Says PRP Nair, Vice President, RK Swamy/BBDO, “Planners are still trying to make sense of the trillion cricket offerings on the platter and the kind of adjustments they would have to make, in order to accommodate the new flow of funds. Since the cricket season will be followed by the festive season (when advertising is supposed to be at its peak), it makes our job a lot more difficult. Most brands would prefer compromising on cricket, rather than compromising on the festive season, when consumers are out to part with their moolah.”

Nair adds, “Either way, any brand (big or small) can only afford to divert its full energy, only towards one particular tournament, which means that the various offerings are in fact eating into each other’s share. Mass channels could be affected to some extent during the cricket season, but we do not expect a landslide fall.”
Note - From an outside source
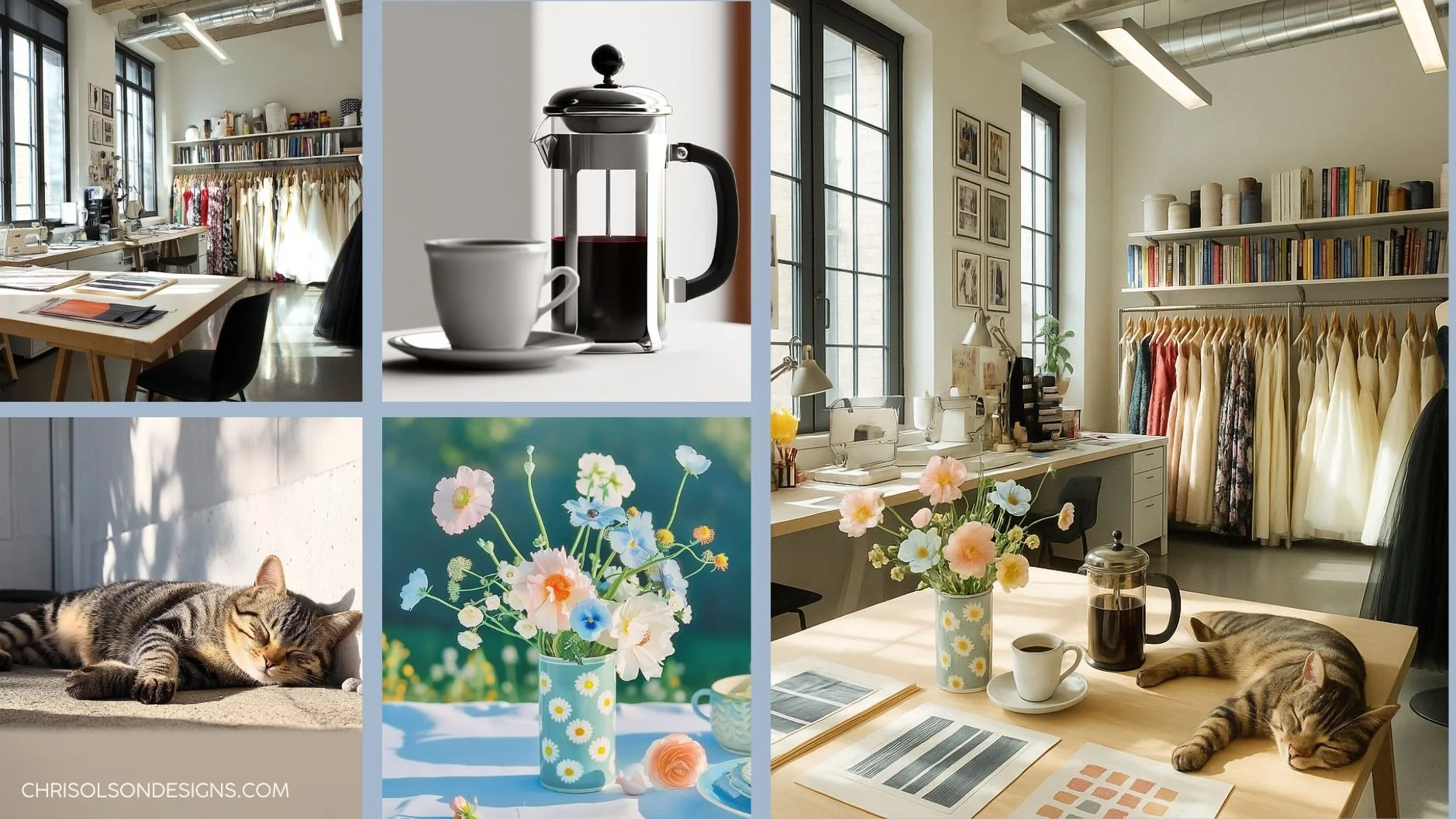 “Create a photo of a fashion studio with the reference images of the studio, the cat, the bouquet, and the French press coffee and coffee cups.”

For us, the prettiest in the flock is evidently the Dutch challenge, where the Indian blue brigade would take on the Paki greens and the Aussie yellows – both closest to the heart. Hiren Pandit, GM, Mindshare states, “The Holland Cup is undoubtedly the hot favourite amongst buyers, as it features three teams that are relevant to any quintessential Indian, and gives us a lot more time in the spotlight. In other two events, India gets to play only a limited number of matches and hence, there could be some amount of wastage there. Overall, spends would be prioritised based on the seasonality of the brand, and no radical changes are expected on this front. Going by the revenue generation, mass channels may be on the losing side – but only to a small extent.”

Pandit adds, “If there is any fall in the moolah of the mass channels, they will more than make up for it during the festival season, when FMCG and electronic goods will be on an advertising spree.”
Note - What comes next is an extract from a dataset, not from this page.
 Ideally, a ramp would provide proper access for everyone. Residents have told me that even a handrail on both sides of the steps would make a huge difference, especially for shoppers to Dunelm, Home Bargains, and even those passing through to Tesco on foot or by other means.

Harish Shriyan, Vice-President, Mediacom, believes that cricket is perhaps the best possible way of reaching out to a nation-wide audience, which is why all buyers are looking for the best buys on either of the three. “Festive season or not, cricket is cricket. Brands would naturally divide their time between the three main tournaments. Holland Cup looks like the best bid because it offers a lot more spotlight for India. However, most of the smaller advertisers would prefer concentrating on one particular tournament, rather than juggling it all together.”

He adds, “Consequences would be felt on the mass channels, but it would be marginal. Big advertisers would continue with their existing commitments on mass channels, but new money would not step in until the cricket season is over.”

Well, that’s the verdict from the media camp. Planners are still juggling the major tournaments, the prettiest one being cited as the Holland Cup. And mass channels would feel the repercussions, though they would amount to being quakes of a minor kind.